- **TASK OBJECTIVE**
What is needed is every line from the one holding "This research explores" to the last line of the data below, printed exactly and without pictures.

- **DATA EXTRACT**
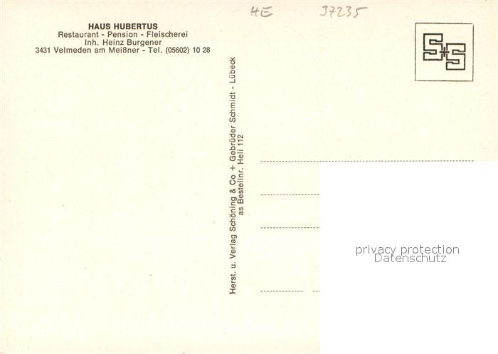 73651124 Velmeden Witzenhausen Restaurant Pension Haus Hubertus postalisch nicht gelaufen Erhaltung siehe scans [FriedD77] KatCode: 11110006636006
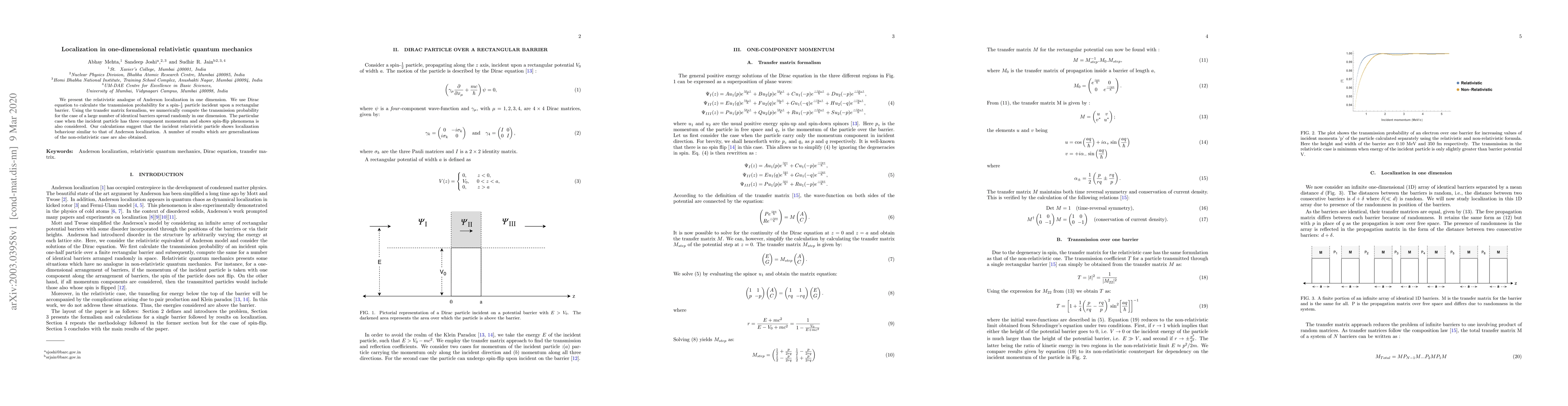 This research explores relativistic Anderson localization in 1D using the Dirac equation and transfer matrix method, finding that a spin-1/2 particle exhibits localization behavior akin to non-relativistic Anderson localization, with additional considerations for three-component momentum and spin-flip phenomena.
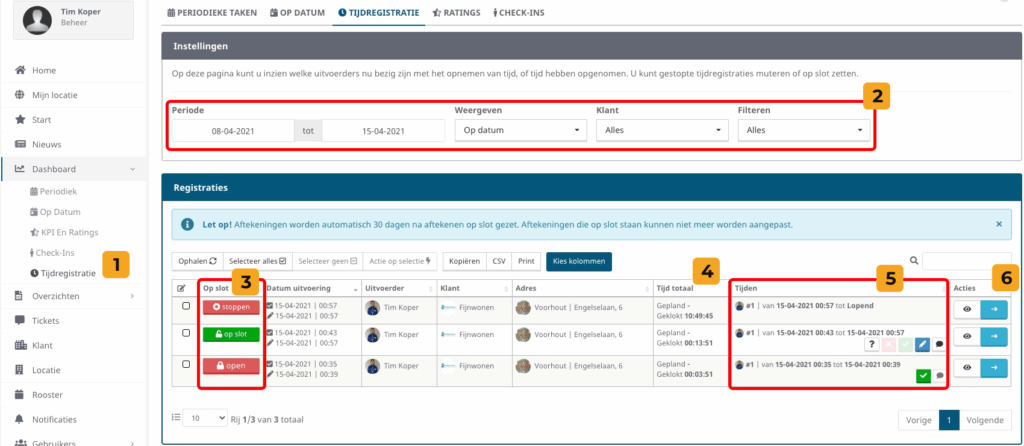 Een overzicht van alle uitgevoerde taken met tijdregistratie kunt u vinden via ‘Dashboard‘ en ‘Tijdregistratie‘, of klik hier. Zie hieronder de punten met uitleg over meest belangrijke onderdelen van dit dashboard. Let op, voor toegang tot dit dashboard heeft u een gebruikersrol 'Beheer' nodig.

- **SOLUTION TO THIS PROBLEM**
 This research explores relativistic Anderson localization in 1D using the Dirac equation and transfer matrix method, finding that a spin-1/2 particle exhibits localization behavior akin to non-relativistic Anderson localization, with additional considerations for three-component momentum and spin-flip phenomena.
 Een overzicht van alle uitgevoerde taken met tijdregistratie kunt u vinden via ‘Dashboard‘ en ‘Tijdregistratie‘, of klik hier. Zie hieronder de punten met uitleg over meest belangrijke onderdelen van dit dashboard. Let op, voor toegang tot dit dashboard heeft u een gebruikersrol 'Beheer' nodig.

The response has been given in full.